Reach Forward To Go Back - Grasshopper
Out of the blue came this Grasshopper directive: "Reach forward to go back." I haven't a clue what this cryptic message means, so let me explore.
My first question is: "Go back to what?"
The answer I come up with is back to basics. Reminds me of a story . . . years ago, I was a fan of the New York Knicks of the NBA. One of their all-star players, Willis Reed, retired and became their coach. During an interview he was asked what the team needed to do to get back to its past level of greatness. He said, "Believe it or not, these talented players have to relearn how to dribble." He said it was basic to the game of basketball and they had let the skill erode by placing flashy play in its place.
So back to basics is clear, but how does reaching forward fit in?
What are you after? Most reply to that question with a fuzzy answer – some global generality that has no meat on the bone like, "I want to be successful" or "I want to be satisfied" or "I just want to be happy."
To make the target more specific you have to have sensory building blocks in place. Future paced questions like, "What does it look like to be successful?" "What does it sound and feel like to be satisfied or happy?" You have to go to the future in your mind to see, feel, hear, taste and smell the benefits of achieving your goal.

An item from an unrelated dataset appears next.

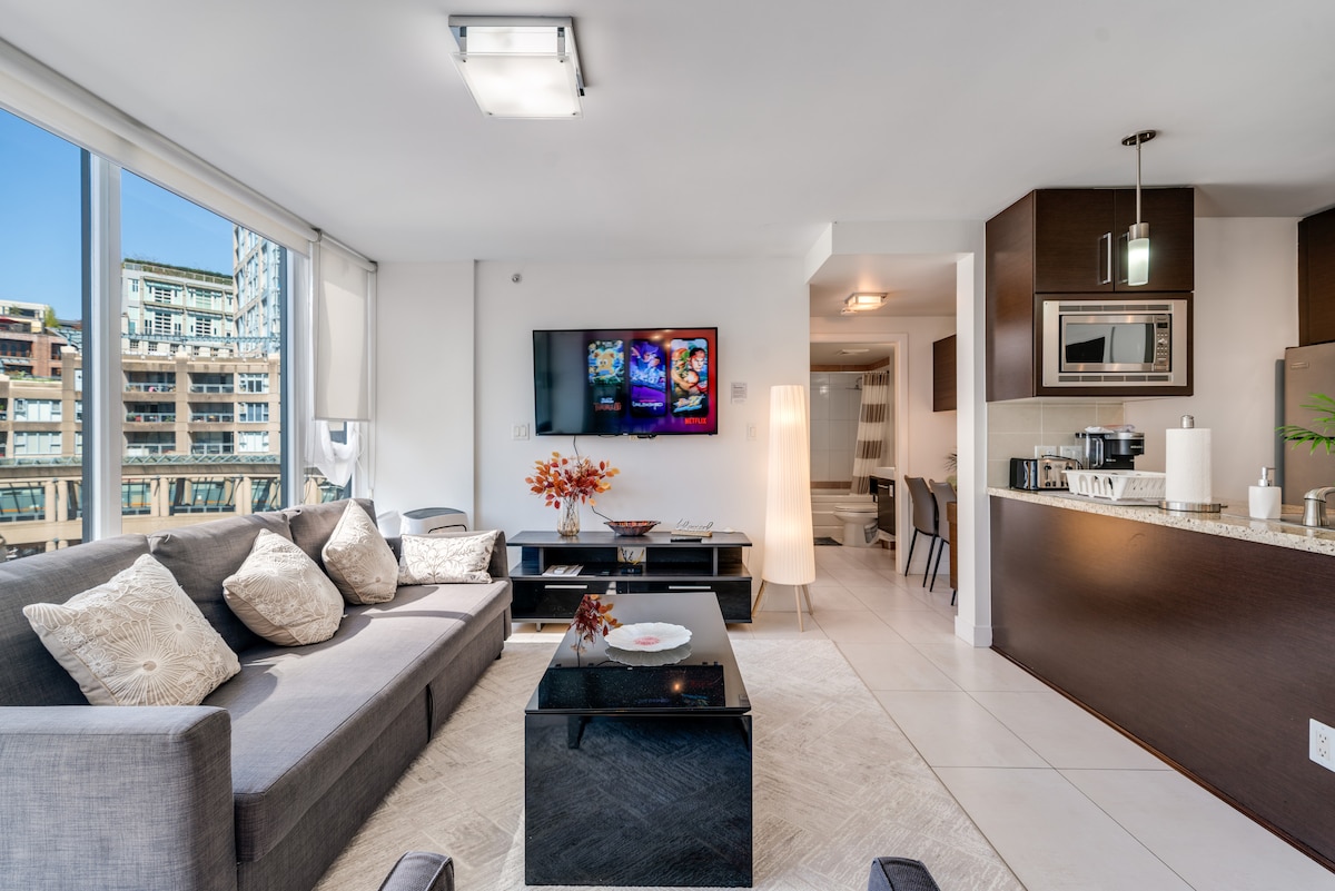 **KING SIZE BED in Marketplace Lodge **Hot tub! **FREE underground parking for 1 vehicle (with bike storage) Marketplace is full of shops and restaurants including Fresh Street Market (groceries), BC Liquor Store, Rexall Pharmacy and the Post Office. Steps to free village shuttle bus + Olympic Plaza (Free concerts in the summer + ice skating in the winter!) Note: Portable A/C only available mid June to mid Sept
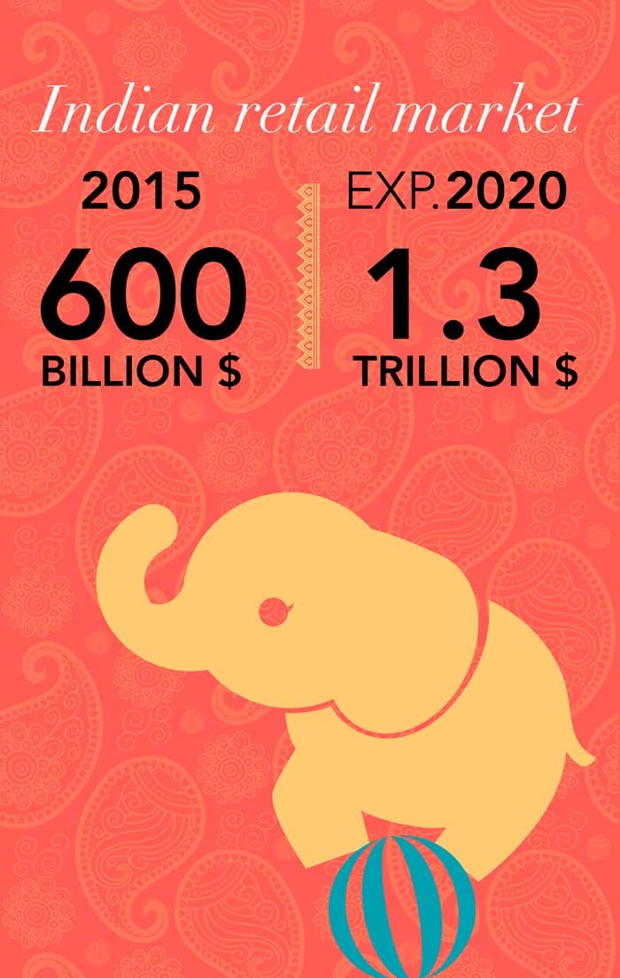 According to IBEF the Indian retail market reached 600 billion dollars in 2015 and is expected to grow to 1.3 trillion dollars by 2020, registering a CAGR of 16.7 percent over 2015-2020. The Euromonitor study suggests that the apparel retail market was around 453 million dollars in 2014, just a 0.01 percent of the total retail in 2014, which is expected to rise to 20 percent of the overall retail market by 2020.

That forward vision will prompt you to go back and find the building blocks of your desires – the basics.
I think many would agree that basic decency has left our culture. To reestablish it in our little corner of the world, we have to find out what "decency" means to us. That's reaching forward. Doing so presents us with a sense of the pieces necessary to get back to basic decency.
"Reach forward to go back" seems to be a formula that works. The only question now is, "Do we have the foresight to reach back to a time that basics were in place and put them back to work now?"
How you answer that question can change scattered quibbling into adept dribbling. I hope your answer will be the word that legendary basketball announcer Marv Albert loudly uses when a player makes a spectacular score: YES!